● **MATERIAL FOR THE TASK**:
┌──
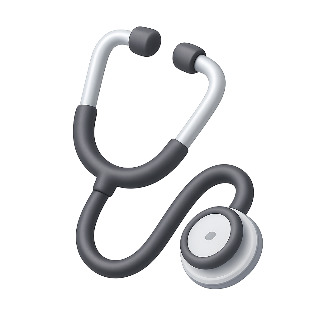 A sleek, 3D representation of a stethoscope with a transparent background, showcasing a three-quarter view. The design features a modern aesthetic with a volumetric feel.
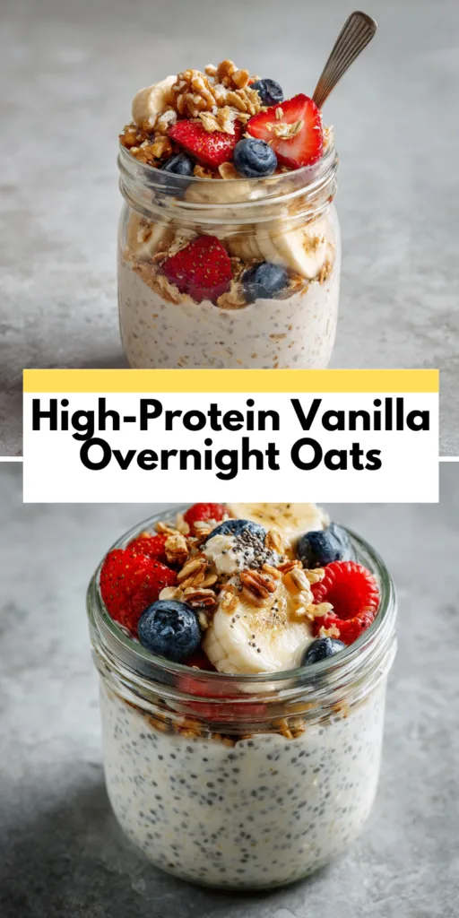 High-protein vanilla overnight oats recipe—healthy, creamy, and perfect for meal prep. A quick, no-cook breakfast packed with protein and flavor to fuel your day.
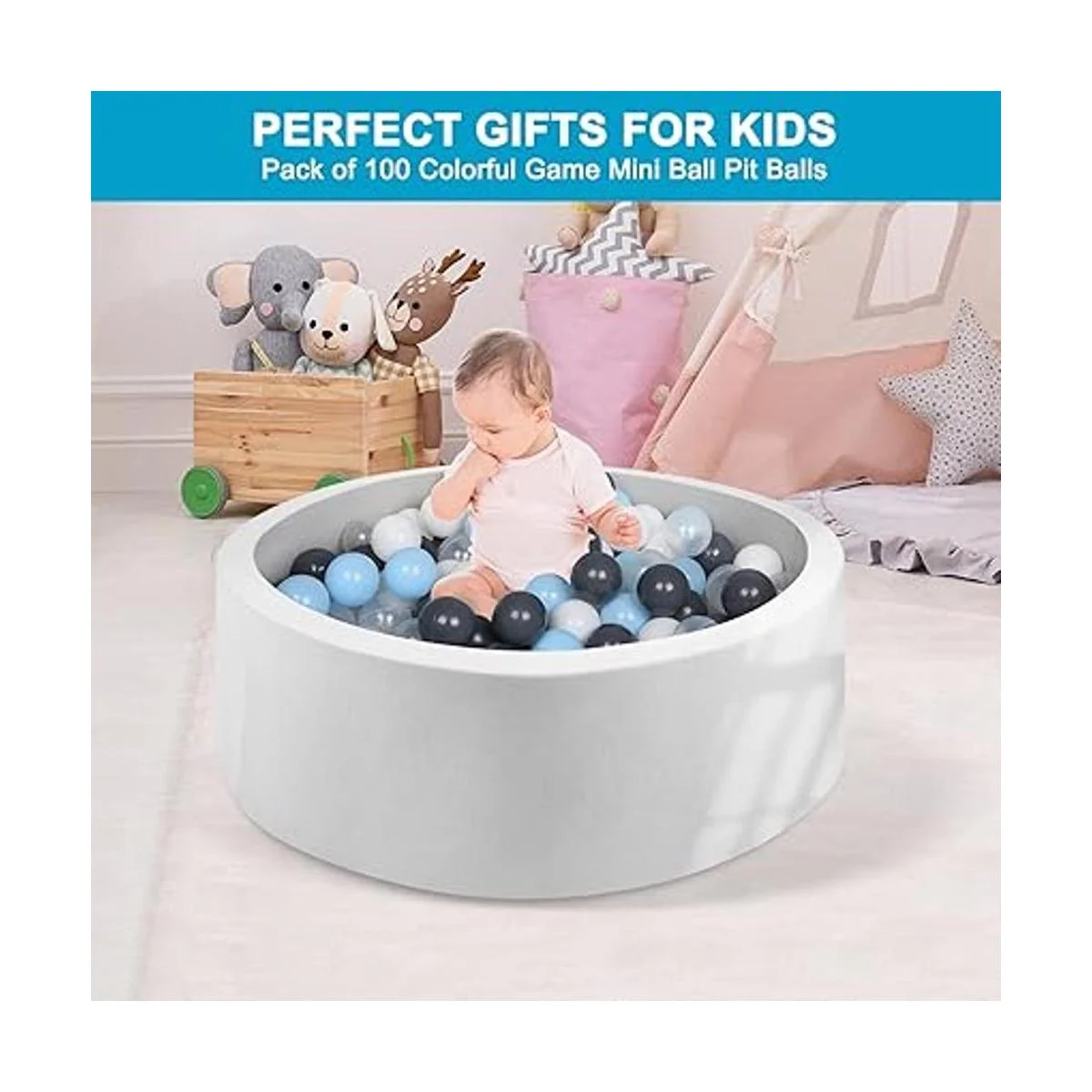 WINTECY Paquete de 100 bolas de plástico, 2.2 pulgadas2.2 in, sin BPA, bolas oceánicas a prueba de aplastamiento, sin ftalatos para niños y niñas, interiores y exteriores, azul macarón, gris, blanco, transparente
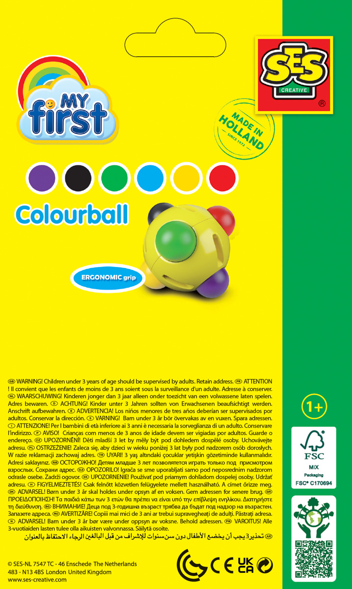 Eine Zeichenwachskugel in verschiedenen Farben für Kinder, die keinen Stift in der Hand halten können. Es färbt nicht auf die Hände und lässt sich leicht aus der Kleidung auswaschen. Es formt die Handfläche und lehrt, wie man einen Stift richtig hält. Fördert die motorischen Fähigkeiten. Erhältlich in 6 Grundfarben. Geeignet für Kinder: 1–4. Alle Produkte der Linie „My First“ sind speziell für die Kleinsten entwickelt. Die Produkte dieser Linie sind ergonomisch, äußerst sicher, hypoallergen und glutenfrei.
└──
┌──
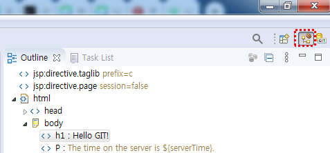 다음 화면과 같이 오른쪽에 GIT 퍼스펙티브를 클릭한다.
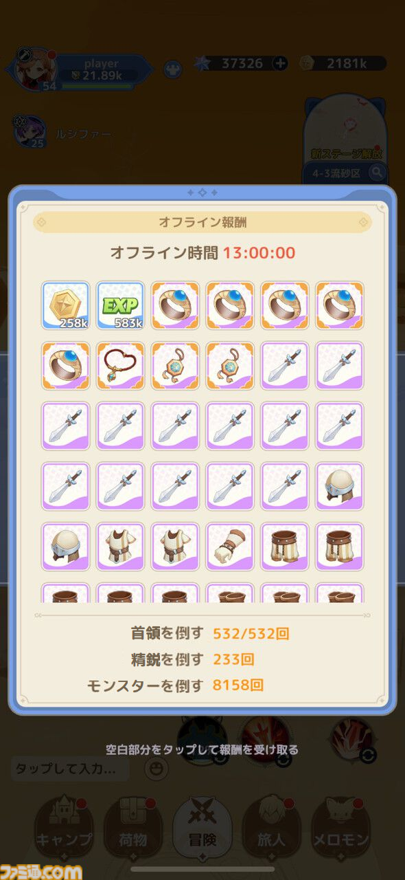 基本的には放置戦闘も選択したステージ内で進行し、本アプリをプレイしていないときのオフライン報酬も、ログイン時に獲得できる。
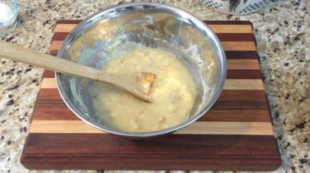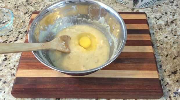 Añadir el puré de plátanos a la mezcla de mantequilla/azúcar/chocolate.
└──
● **EXERCISE OBJECTIVE**: Repeat, word for word, the lines of the material above from the one holding "High-protein vanilla overnight" through the one holding "WINTECY Paquete de". Leave out pictures.

● **ANSWER FOR THE TASK**:
 High-protein vanilla overnight oats recipe—healthy, creamy, and perfect for meal prep. A quick, no-cook breakfast packed with protein and flavor to fuel your day.
 WINTECY Paquete de 100 bolas de plástico, 2.2 pulgadas2.2 in, sin BPA, bolas oceánicas a prueba de aplastamiento, sin ftalatos para niños y niñas, interiores y exteriores, azul macarón, gris, blanco, transparente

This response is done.